Scale validation in applied health research: tutorial for a 6-step R-based psychometrics protocol

There is no author summary for this article yet. Authors can add summaries to their articles on ScienceOpen to make them more accessible to a non-specialist audience.

Abstract

Background: Applied health science research commonly measures concepts via multiple-item tools (scales), such as self-reported questionnaires or observation checklists. They are usually validated in more detail in separate psychometric studies or very cursorily in substantive studies. However, methodologists advise that, as validity is a property of the inferences based on measurement in a context, psychometric analyses should be performed in substantive studies as well. Until recently, performing comprehensive psychometrics required expert knowledge of different, often proprietary, software. The increasing availability of statistical techniques in the R environment now makes it possible to integrate such analyses in applied research. Methods: In this tutorial, I introduce a 6-step protocol which allows detailed diagnosis of core psychometric properties (e.g. structural validity, internal consistency) for scales with binary and ordinal response options aiming to measure differences in degree or quantity, the most common in applied research. The protocol includes investigations of (1) item distributions and summary statistics, item properties via (2) non-parametric and (3) parametric item response theory, (4) scale structure using factor analysis, (5) reliability via classical test theory, and (6) calculation and description of global scores.

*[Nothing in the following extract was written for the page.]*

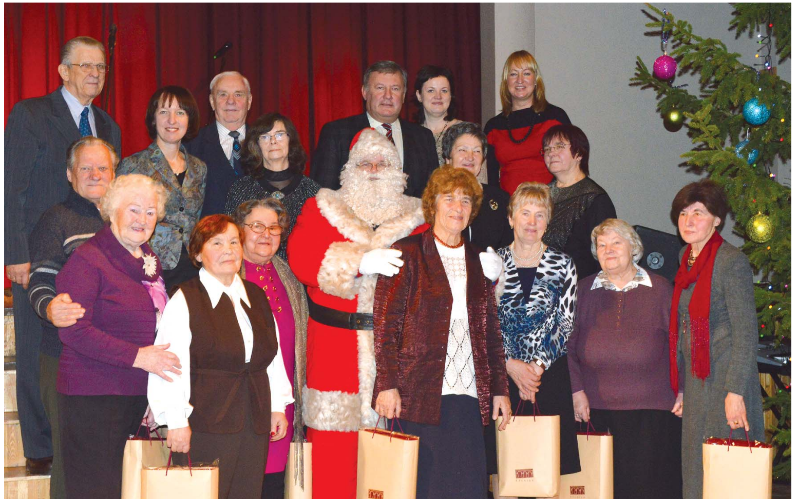
Gada nogalē pašvaldība atceras un godina pensionētos Domes darbiniekus.

Lai pateiktos par sadarbību un ieguldīto darbu, Kuldīgas novada Dome jau tradicionāli gada nogalē Ziemassvētku eglītes organizē represēto biedrības aktivistiem, Kuldīgas novada biedrību vadītājiem un Kuldīgas novada pensionētajiem Domes darbiniekiem.

I illustrate the procedure on a measure of self-reported disability, the 24-item Sickness Impact Profile Roland Scale (RM-SIP), administered in a survey of 222 chronic pain sufferers. An R Markdown script is provided that generates reproducible reports. Results: In this sample, 15 of 24 RM-SIP items formed a unidimensional ordinal scale with good homogeneity ( H = 0.43) and reliability ( α = .86[.84–.89]; ω = .87[.85–.88]). The two versions were highly correlated ( r = .96), and regression models predicting RM-SIP disability produced comparable results. Conclusions: The example analysis illustrates how psychometric properties may be assessed in substantive studies and identify avenues for measure improvement. Applied researchers can adapt this script to perform and communicate these analyses as part of questionnaire validation and substantive studies.